# What to produce
Ignoring the pictures, repeat every entry below exactly as it appears.
________
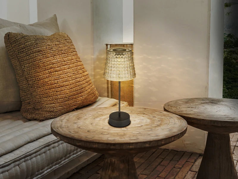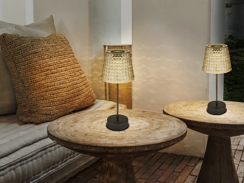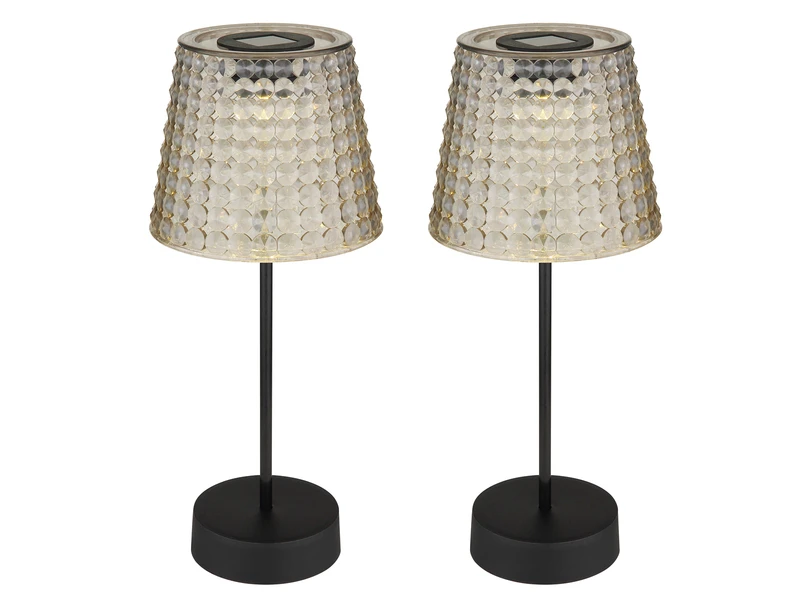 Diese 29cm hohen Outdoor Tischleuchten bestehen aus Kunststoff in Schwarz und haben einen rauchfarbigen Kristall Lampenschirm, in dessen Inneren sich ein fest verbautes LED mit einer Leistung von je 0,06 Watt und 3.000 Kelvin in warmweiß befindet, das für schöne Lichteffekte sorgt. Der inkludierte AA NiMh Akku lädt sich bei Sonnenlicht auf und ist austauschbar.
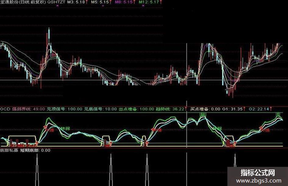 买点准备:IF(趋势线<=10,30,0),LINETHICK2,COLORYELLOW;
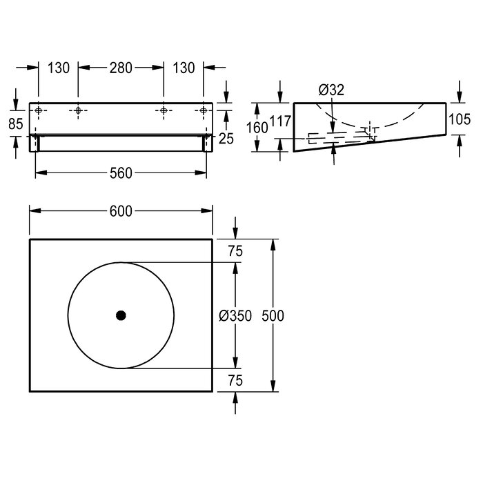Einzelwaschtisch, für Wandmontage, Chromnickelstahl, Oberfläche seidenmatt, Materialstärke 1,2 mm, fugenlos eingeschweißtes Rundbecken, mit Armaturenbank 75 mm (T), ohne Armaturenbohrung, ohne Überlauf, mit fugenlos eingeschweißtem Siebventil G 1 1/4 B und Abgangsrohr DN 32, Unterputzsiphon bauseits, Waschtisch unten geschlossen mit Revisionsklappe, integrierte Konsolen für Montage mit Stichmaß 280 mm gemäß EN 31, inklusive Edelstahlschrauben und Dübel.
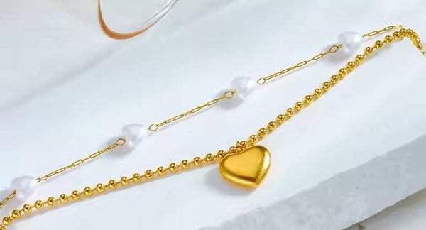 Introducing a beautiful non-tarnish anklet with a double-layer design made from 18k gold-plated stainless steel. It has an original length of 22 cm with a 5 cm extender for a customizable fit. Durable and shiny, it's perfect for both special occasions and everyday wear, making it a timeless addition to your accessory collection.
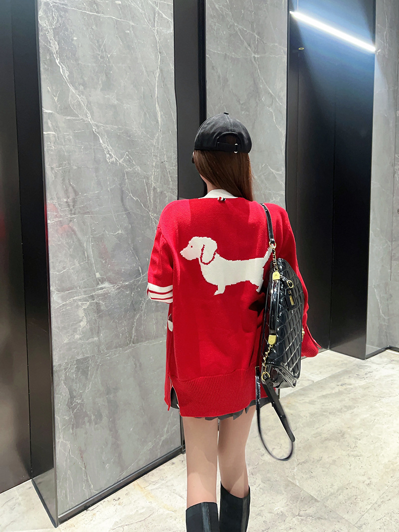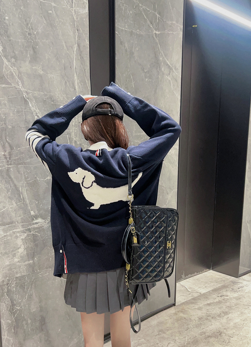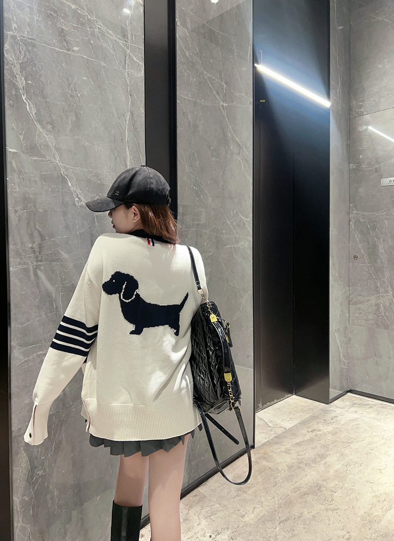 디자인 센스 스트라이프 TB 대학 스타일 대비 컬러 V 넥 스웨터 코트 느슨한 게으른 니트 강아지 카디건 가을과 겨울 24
________
# Reply to the task
 Diese 29cm hohen Outdoor Tischleuchten bestehen aus Kunststoff in Schwarz und haben einen rauchfarbigen Kristall Lampenschirm, in dessen Inneren sich ein fest verbautes LED mit einer Leistung von je 0,06 Watt und 3.000 Kelvin in warmweiß befindet, das für schöne Lichteffekte sorgt. Der inkludierte AA NiMh Akku lädt sich bei Sonnenlicht auf und ist austauschbar.
 买点准备:IF(趋势线<=10,30,0),LINETHICK2,COLORYELLOW;
Einzelwaschtisch, für Wandmontage, Chromnickelstahl, Oberfläche seidenmatt, Materialstärke 1,2 mm, fugenlos eingeschweißtes Rundbecken, mit Armaturenbank 75 mm (T), ohne Armaturenbohrung, ohne Überlauf, mit fugenlos eingeschweißtem Siebventil G 1 1/4 B und Abgangsrohr DN 32, Unterputzsiphon bauseits, Waschtisch unten geschlossen mit Revisionsklappe, integrierte Konsolen für Montage mit Stichmaß 280 mm gemäß EN 31, inklusive Edelstahlschrauben und Dübel.
 Introducing a beautiful non-tarnish anklet with a double-layer design made from 18k gold-plated stainless steel. It has an original length of 22 cm with a 5 cm extender for a customizable fit. Durable and shiny, it's perfect for both special occasions and everyday wear, making it a timeless addition to your accessory collection.
 디자인 센스 스트라이프 TB 대학 스타일 대비 컬러 V 넥 스웨터 코트 느슨한 게으른 니트 강아지 카디건 가을과 겨울 24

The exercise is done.